Yes, I have, but what do you do when you simply cannot afford to retire?

That is my reality. If I were pushed out of my current job, finding another would be nearly impossible, unless I were willing to accept minimum wage. Age, it seems, narrows your options just when you need them most.

The data reinforces what many of us are quietly living through. The National Council on Aging reports that lower-income adults die, on average, nine years earlier than the wealthiest 20%. The same research shows that more than 45% of older-adult households (over 19 million) do not earn enough to cover basic living costs.

Wealth and longevity are closely linked, while millions of older adults remain financially insecure. I never expected to be one of them. I did everything we were told to do: saved money, contributed to an RRSP, bought a home. Yet the mortgage remains, and bills continue to drain what little cushion exists.

Do I feel frustrated? At times, yes. I have spent more than 30 years helping build profitable companies for others. They now live in mansions; I live in a modest, solid home. I am not ungrateful, but I am realistic.

The question that lingers is whether my savings will be enough for my wife and family to manage the costs of the future. Among the people I know, few are wealthy. Most are working- or middle-class, living month to month, paycheque to paycheque. Like me, they assumed things would turn out differently.

I worry about what lies ahead.
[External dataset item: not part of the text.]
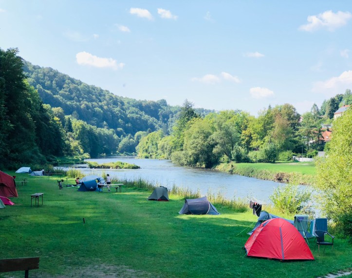 Кемпинг в Паппенхайме расположен на берегу реки Альтмюль в 5 минутах ходьбы от центра городка и в 10 минутах от замка. Он довольно минималистичный. Большую часть территории занимают «дома на колёсах», а для палаток выделена тенистая полянка на острове.
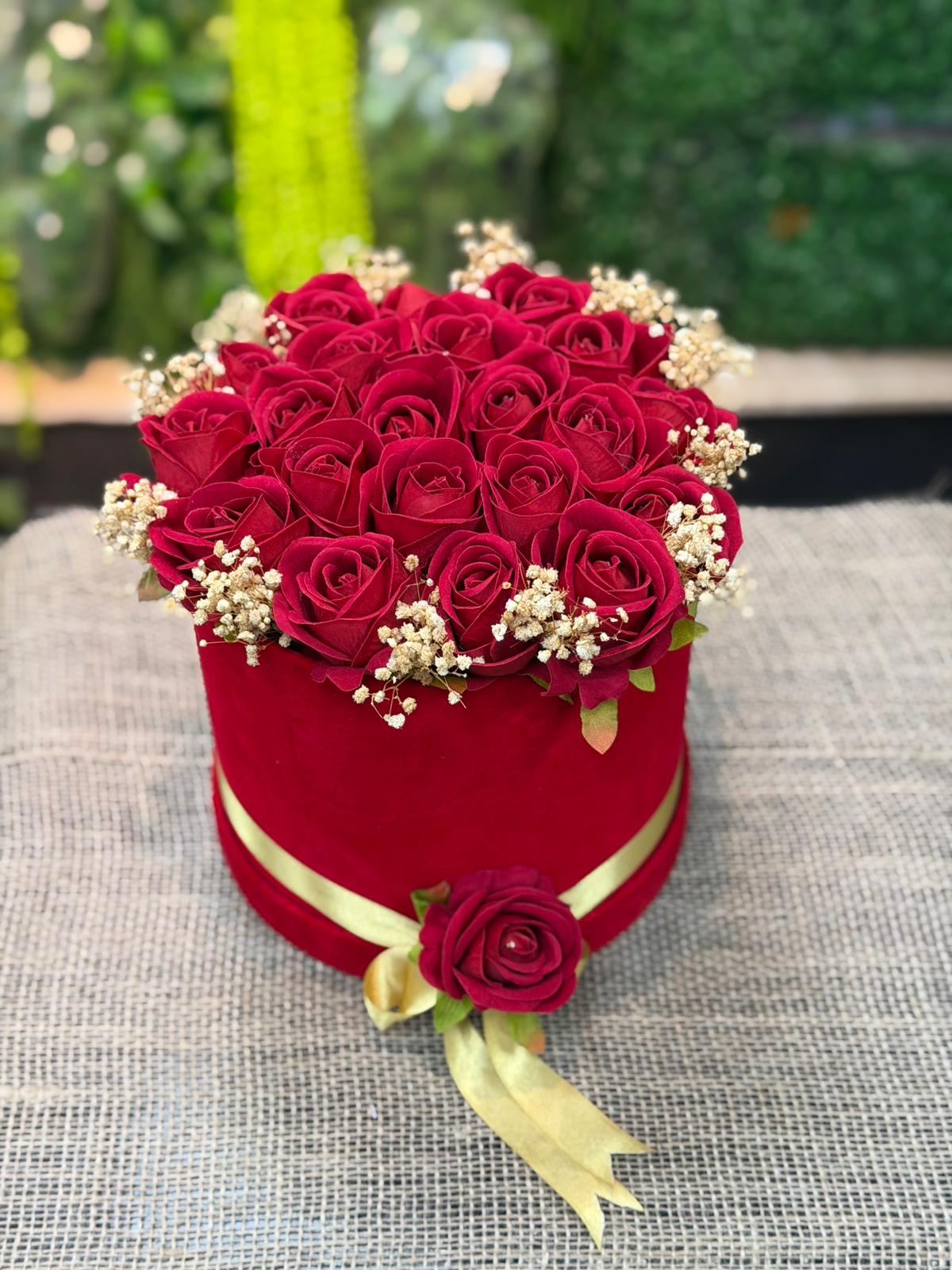 Kadife Kutuda 21’li Kırmızı Yapay Gül

Research suggests that roughly 81% of older households are unprepared to withstand a major financial shock, whether that is widowhood, serious illness, or the need for long-term care. We are not ready, and the consequences are not abstract.

That divide is not just economic; it is emotional. At this stage of life, uncertainty feels heavier. I find myself confronting fear: fear of instability, of dependence, of leaving my family vulnerable.

Meanwhile, public conversation continues to revolve around wealth: on television, in politics, and across business circles. Money dominates the discussion, even as many older adults feel increasingly excluded from it.

Time moves forward. Savings feel thinner, and optimism becomes harder to sustain.

What remains is hope; hope that something shifts, that the system acknowledges this growing gap, and that people like me are not left to navigate the final chapters of our lives in quiet uncertainty.